Chapter 4.8, Problem 35AAP

Calculate the number of atoms in a critically sized nucleus for the homogeneous nucleation of pure iron.

To determine

The number of atoms in a critically sized nucleus for the homogeneous nucleation of pure iron.

Answer to Problem 35AAP

The number of atoms in a critically sized nucleus for the homogeneous nucleation of pure iron is $\text{329}\text{atoms}$.

Explanation of Solution

Express the volume of critical size nucleus.

 $V=\frac{4}{3}\pi {\left(r^{\ast }\right)}^3$                                                                                        (I)

Here, critical radius is $r^{\ast }$.

Since pure iron has a BCC structure, each unit cell has 2 atoms.

Express the volume of pure iron.

 $V_{\text{Fe}}=a^3$                                                                                                  (II)

Here, side of a BCC unit cell is $a$.

Express the volume per atom.

 $V_{\text{atom}}=\frac{V_{\text{Fe}}}{n}$                                                                                                 (III)

Here, number of atoms per BCC unit cell is $n$.

Express the number of atoms in a critically sized nucleus for the homogeneous nucleation of pure iron.

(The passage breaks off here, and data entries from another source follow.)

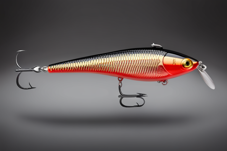Stable Diffusion AI Prompt Fishing lure precisely mimics the exact shape and colors of a (((Red Shad))). A panoramic studio shot of the highly detailed Red colored ((Shad-shaped)) fishing lure with treble hooks designed to catch fish, centered product photography. A masterpiece product photo on a (black background).
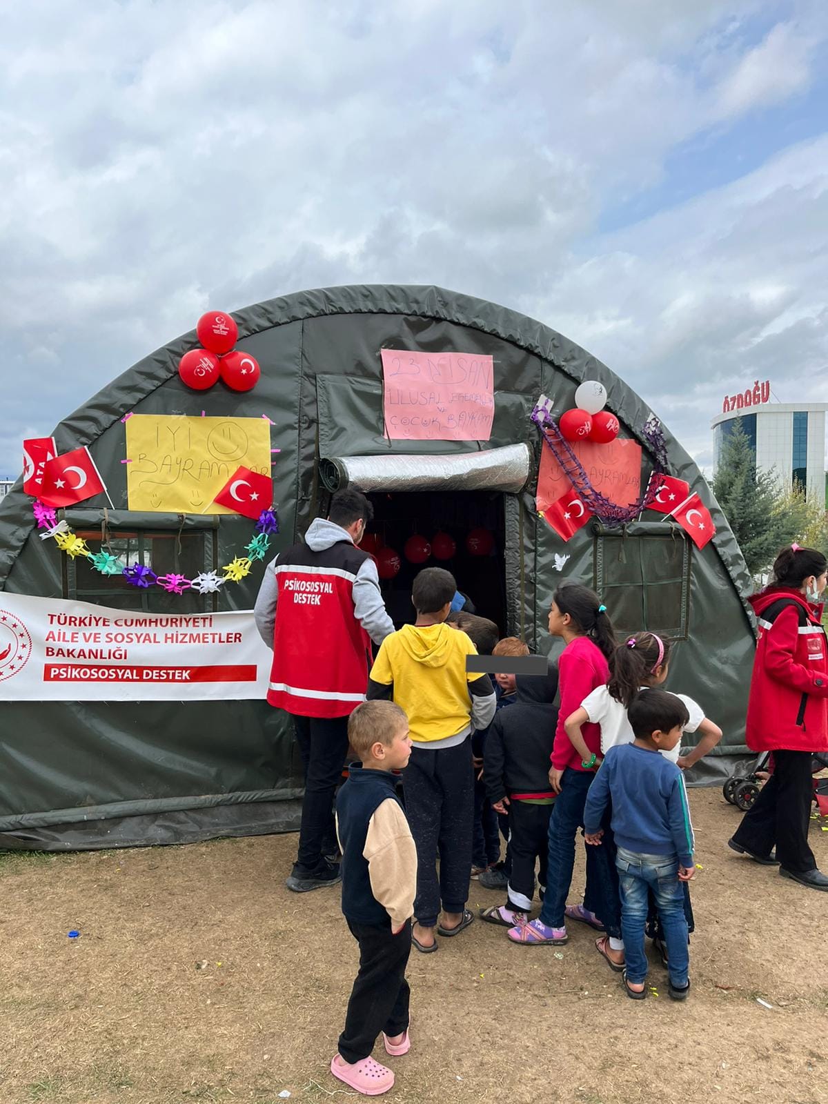 Kırklareli Aile ve Sosyal Hizmetler Müdürlüğü personellerinden oluşan Psikososyal Destek Ekipleri Malatya’da Faaliyetlerini sürdürüyor. Ekipler çocuklara 23 Nisan’a özel etkinlikler hayata geçirerek bu özel günde onları yalnız bırakmadı.Etkinlikler hakkında Kırklareli Aile ve Sosyal Hizmetler Müdürlüğünden yayınlanan açıklamada ifadeleri kullanıldı; “Psikososyal Destek Ekiplerimiz Malatya'da depremden etkilenen çocuklarımızla birlikte Atatürk'ün dünya çocuklarına armağan ettiği, 23 Nisan Ulusal Egemenlik ve Çocuk Bayramı için oyun alanları kurarak çeşitli etkinlikler düzenlemişlerdir.”
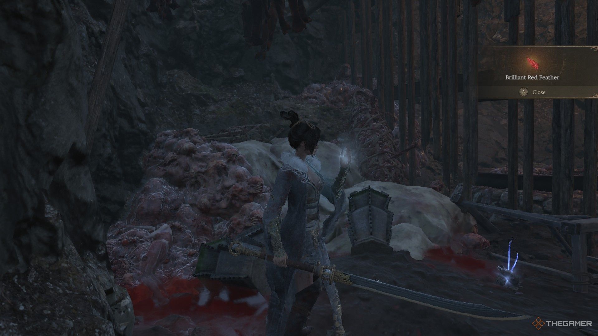 行くアッパービレッジから道を下っていますあなたが地獄の炎の呪文を獲得するために大きなトーチを含むミニボスと戦ったところ、あなたはかすかな赤い羽を見つけるでしょう交差点の地面にShu Sanctumのすぐ上ショートカットルートで。 |

 $\frac{V}{V_{\text{atom}}}$                                                                                                (IV)

Conclusion:

For pure iron, write the critical radius as:

 $r^{\ast }=9.72\times {10}^{-8}\text{cm}$

Write the side of a BCC unit cell.

 $a=0.286\times {10}^{-9}\text{m}$

Substitute $9.72\times {10}^{-8}\text{cm}$ for $r^{\ast }$ in Equation (I).

 $\begin{array}{c}V=\frac{4}{3}\pi {\left(9.72\times {10}^{-8}\text{cm}\right)}^3\\ =3.85\times {10}^{-21}{\text{cm}}^3\end{array}$

Substitute $0.286\times {10}^{-9}\text{m}$ for $a$ in Equation (II).

 $\begin{array}{c}{V}_{\text{Pt}}={\left(0.286\times {10}^{-9}\text{m}\right)}^3\\ =2.34\times {10}^{-29}{\text{m}}^3\left[\frac{{10}^6{\text{cm}}^{\text{3}}}{{\text{m}}^3}\right]\\ =2.34\times {10}^{-23}{\text{cm}}^3\end{array}$

Substitute $2.34\times {10}^{-23}{\text{cm}}^3$ for $V_{\text{Pt}}$ and $\text{2}\text{atoms}/\text{BCC}\text{unit}\text{cell}$ for $n$ in Equation (III).

 $\begin{array}{c}{V}_{\text{atom}}=\frac{2.34\times {10}^{-23}{\text{cm}}^3}{2\text{atoms}/\text{BCC}\text{unit}\text{cell}}\\ =1.17\times {10}^{-23}{\text{cm}}^{\text{3}}/\text{atom}\end{array}$

Substitute $3.85\times {10}^{-21}{\text{cm}}^3$ for $V$ and $1.17\times {10}^{-23}{\text{cm}}^{\text{3}}/\text{atom}$ for $V_{\text{atom}}$ in Equation (IV).

 $\begin{array}{c}\frac{V}{V_{\text{atom}}}=\frac{3.85\times {10}^{-21}{\text{cm}}^3}{1.17\times {10}^{-23}{\text{cm}}^{\text{3}}/\text{atom}}\\ =329\text{atoms}\end{array}$

Hence, the number of atoms in a critically sized nucleus for the homogeneous nucleation of pure iron is $\text{329}\text{atoms}$.